今まで我慢していたものが堰を切ったように零れ落ちる。
涙が止まらず、良太は顔を上げられないでいた。
「そっか、ごめんね」
宇都宮はしゃくりあげる良太を優しく抱きしめた。
「大丈夫だよ、大丈夫」
あやすように言うと、宇都宮は腕の中の良太の頭を撫でた。
「すみません、俺、ガキみたいに……」
しばらくしてようやく落ち着いた良太は、宇都宮から離れた。
「いんだよ。ガキじゃなくても泣きたいときくらいあるし、いつでもこんな胸でよければ貸すからさ」
冗談めかして言う宇都宮は、ドラマの中よりかっこよく見えた。
「良太ちゃん、自分が何とかしなきゃって、ちょっと肩に力入り過ぎなんだよ」
今までみんなにもそれらしきことを言われてきたのだが、ここにきてやっと宇都宮の言うことばがすんなり良太の胸に入っていく。
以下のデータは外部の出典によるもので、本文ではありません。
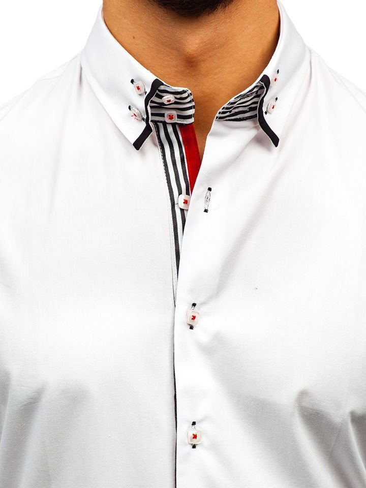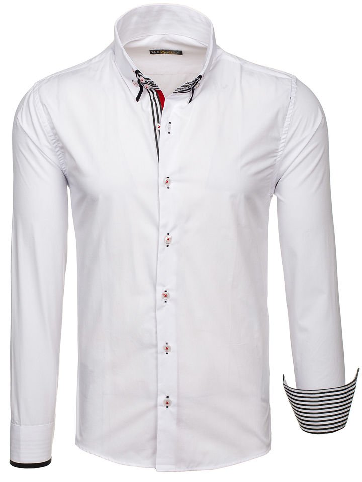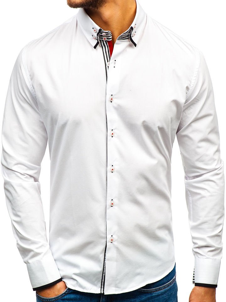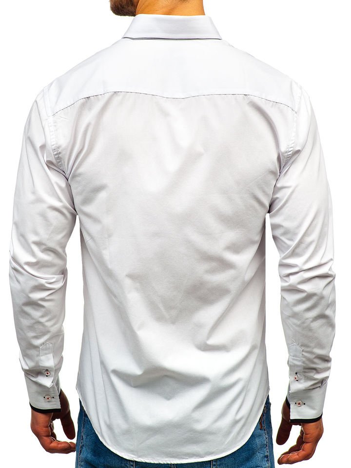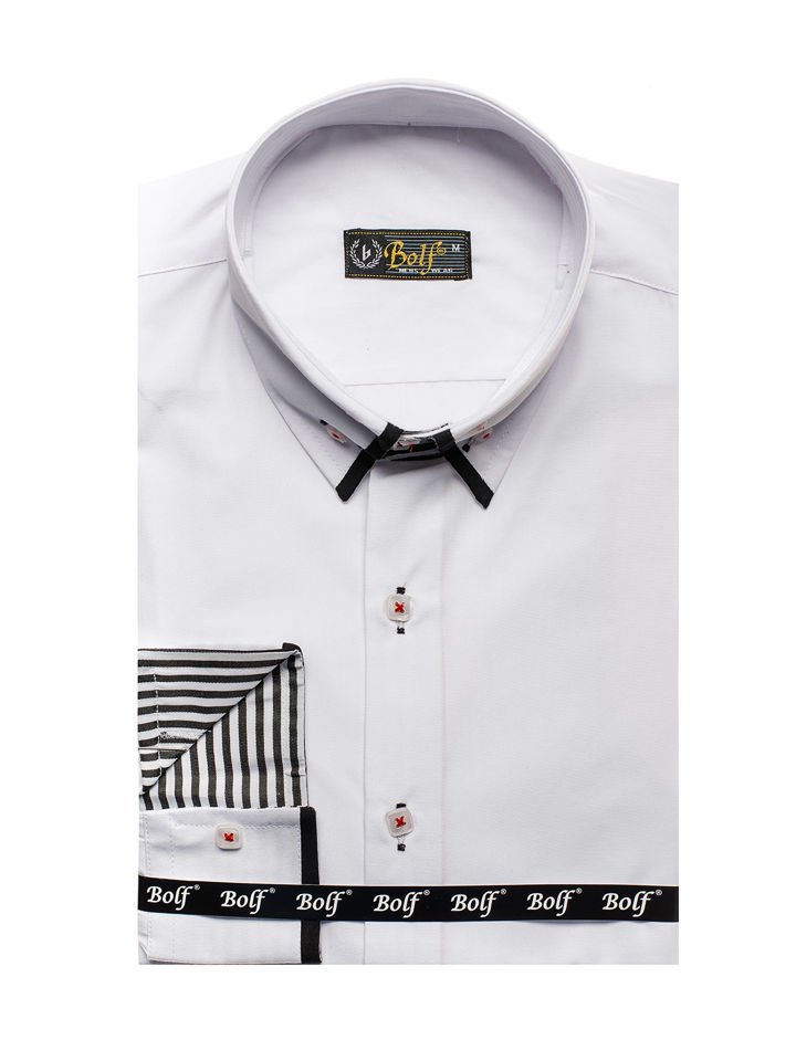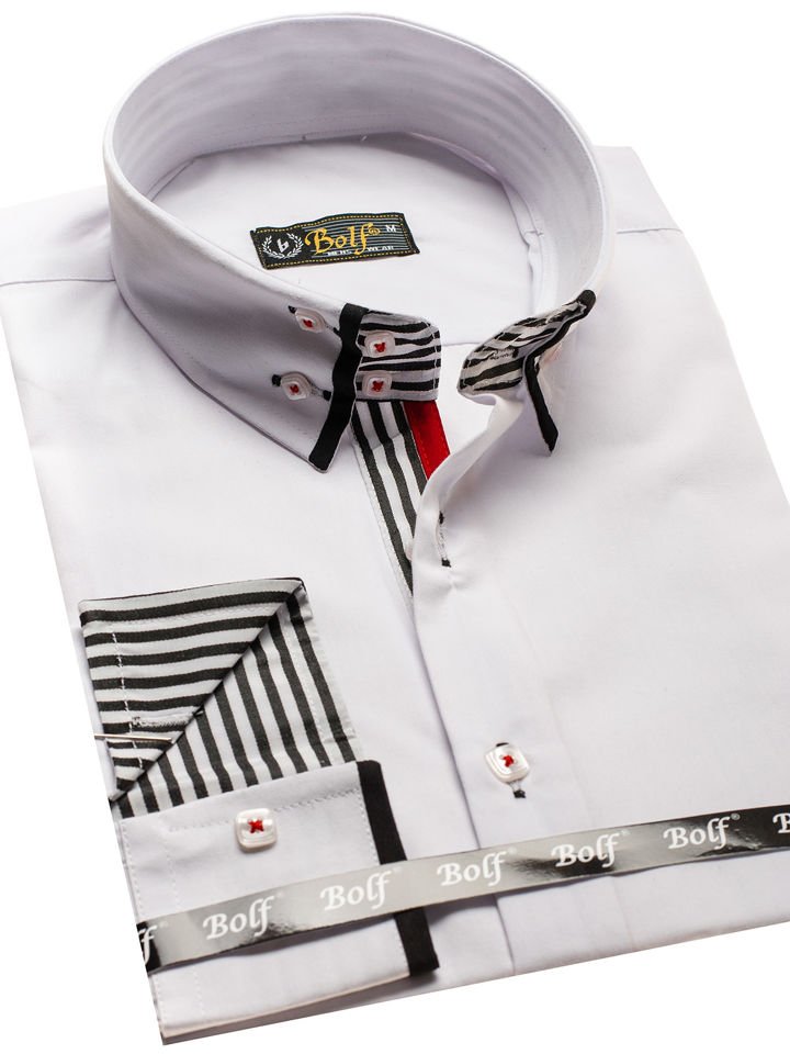 Πουκαμισο ανδρικο κομψο με μακρια μανικια λευκο-μαυρο Bolf 1747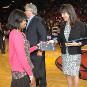 The scholarships, purchased by Carnival Foundation, were handed out at center court by Linda Coll, with a congratulatory handshake given to each student by Micky Arison, chairman of Carnival Corporation and managing general partner of the Miami HEAT. Miami-Dade Superintendent of Schools Alberto Carvalho and representatives from Florida Prepaid College Foundation, Big Brothers Big Sisters of Greater Miami and the HEAT, including former HEAT star center and current Vice President of Player Programs Alonzo Mourning, were on hand to acknowledge the students.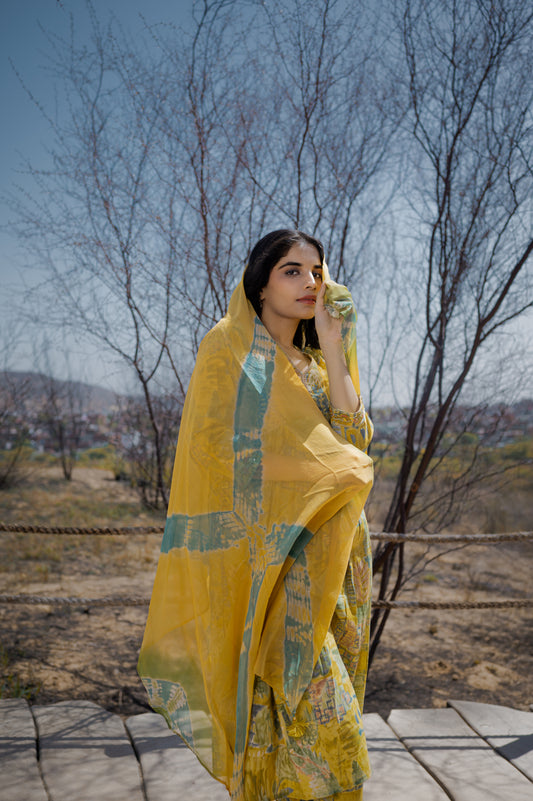 Earthy Green Abstract Print Kurta Pant With Dupatta

「それに話さなくちゃいけない人にちゃんと言いたいこと言わないと」
言われて良太はハッとする。
そうだ、工藤から誘われた二度とも、仕事とかにかこつけて逃げたのだ。
きっともうダメなんだって思って。
「まあ、良太ちゃんの好きな人が俺じゃないってのはちょっと、いやあ、かなーり、残念だけどね」
そんな決め台詞を残して宇都宮はちょうど通りかかったタクシーを拾った。
「あ、鍋の約束は有効だよね、じゃあ、おやすみ」
良太はしばしタクシーが走り去るのを見ていたが、トボトボと会社のエレベーターへと向かった。
「出る幕がないってこのことだな」
良太がエレベーターに消えるのを見届けてから、木立の影から出てきた秋山はそんなことを呟いた。
「しかし、宇都宮さんて、素が既にカッコいいのか? 不自然さもなくあんな言葉を吐いて、わざとらしさも違和感がないとは」
首を傾げて感心しつつ、今さら駐車場に戻る理由を思いつく余裕もなかったため、秋山は仕方なくタクシーを拾った。